→ ASSIGNED TASK: The reply should consist solely of the lines from the one with "Apple Watch is" through the final line of the listing, copied exactly, with no pictures.

→ RECORDED DATA:
------------------------------------

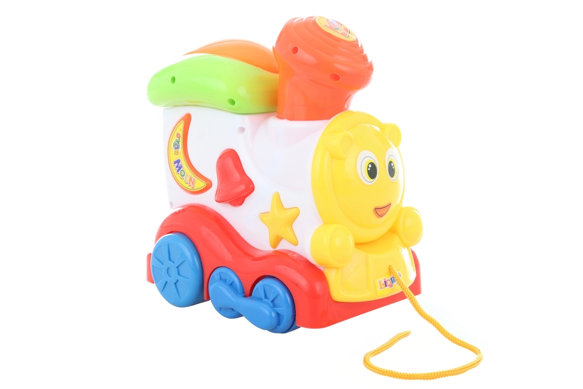 Diese bunte, pfeifende Lokomotive begeistert jedes neugierige Kind. Beim Hinterherziehen und beim Drücken des Schornsteins erzeugt sie ein Pfeifgeräusch, das die Sinneswahrnehmung fördert und zur Bewegung motiviert. Dank der kompakten Maße ist sie einfach zu handhaben und eignet sich fürs Spielen zu Hause und unterwegs.
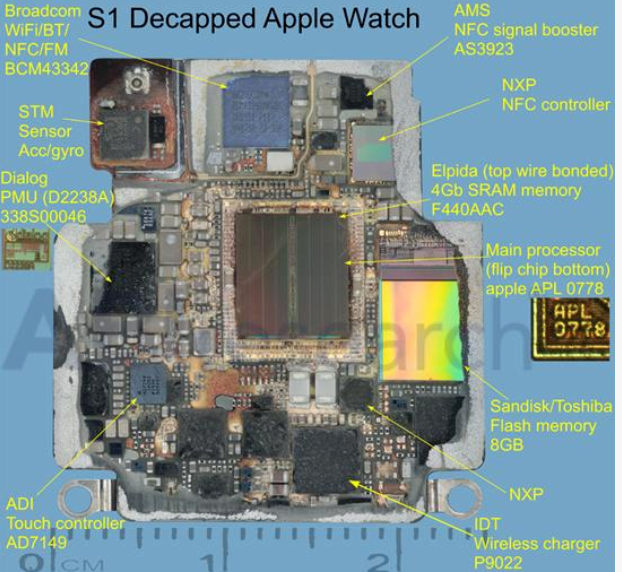 Apple Watch is also equipped with a familiar communication chip - BCM4334, which is used in many Apple products, including Apple TV and iPhone 5. BCM4334 is a dual-band single chip that integrates 802.11a/b/g/n and Bluetooth 4.0. It uses it and Skyworks' wireless network switch and low-noise amplifier to realize WiFi and Bluetooth transmission in Apple Watch.
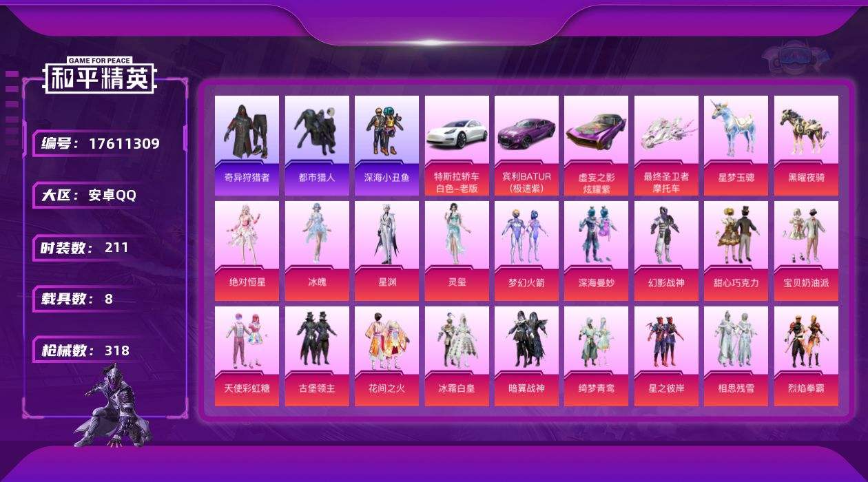 【552264】【不可二次】【安卓QQ】UZI-绮梦青鸾 平底锅-林间仙鹿 暗翼战神 大橘为重 特斯拉3银色 AWM-橘柚倾心 林间仙鹿 Mini14-龙虾霸霸 红伞翩翩 M416-心之恋语 深海小丑鱼 山涧鹿灵 AKM-甜心宝贝 98K-伏魔团 深海曼妙 VSS-烈焰拳霸 黑伞漫漫 奇异狩猎者 98K-暗翼战神 Vector-红伞翩翩 SCAR-机甲封神 MG3-洛神天依 甜心巧克力 彩虹鹿灵

------------------------------------

→ YOUR SOLUTION:
 Apple Watch is also equipped with a familiar communication chip - BCM4334, which is used in many Apple products, including Apple TV and iPhone 5. BCM4334 is a dual-band single chip that integrates 802.11a/b/g/n and Bluetooth 4.0. It uses it and Skyworks' wireless network switch and low-noise amplifier to realize WiFi and Bluetooth transmission in Apple Watch.
 【552264】【不可二次】【安卓QQ】UZI-绮梦青鸾 平底锅-林间仙鹿 暗翼战神 大橘为重 特斯拉3银色 AWM-橘柚倾心 林间仙鹿 Mini14-龙虾霸霸 红伞翩翩 M416-心之恋语 深海小丑鱼 山涧鹿灵 AKM-甜心宝贝 98K-伏魔团 深海曼妙 VSS-烈焰拳霸 黑伞漫漫 奇异狩猎者 98K-暗翼战神 Vector-红伞翩翩 SCAR-机甲封神 MG3-洛神天依 甜心巧克力 彩虹鹿灵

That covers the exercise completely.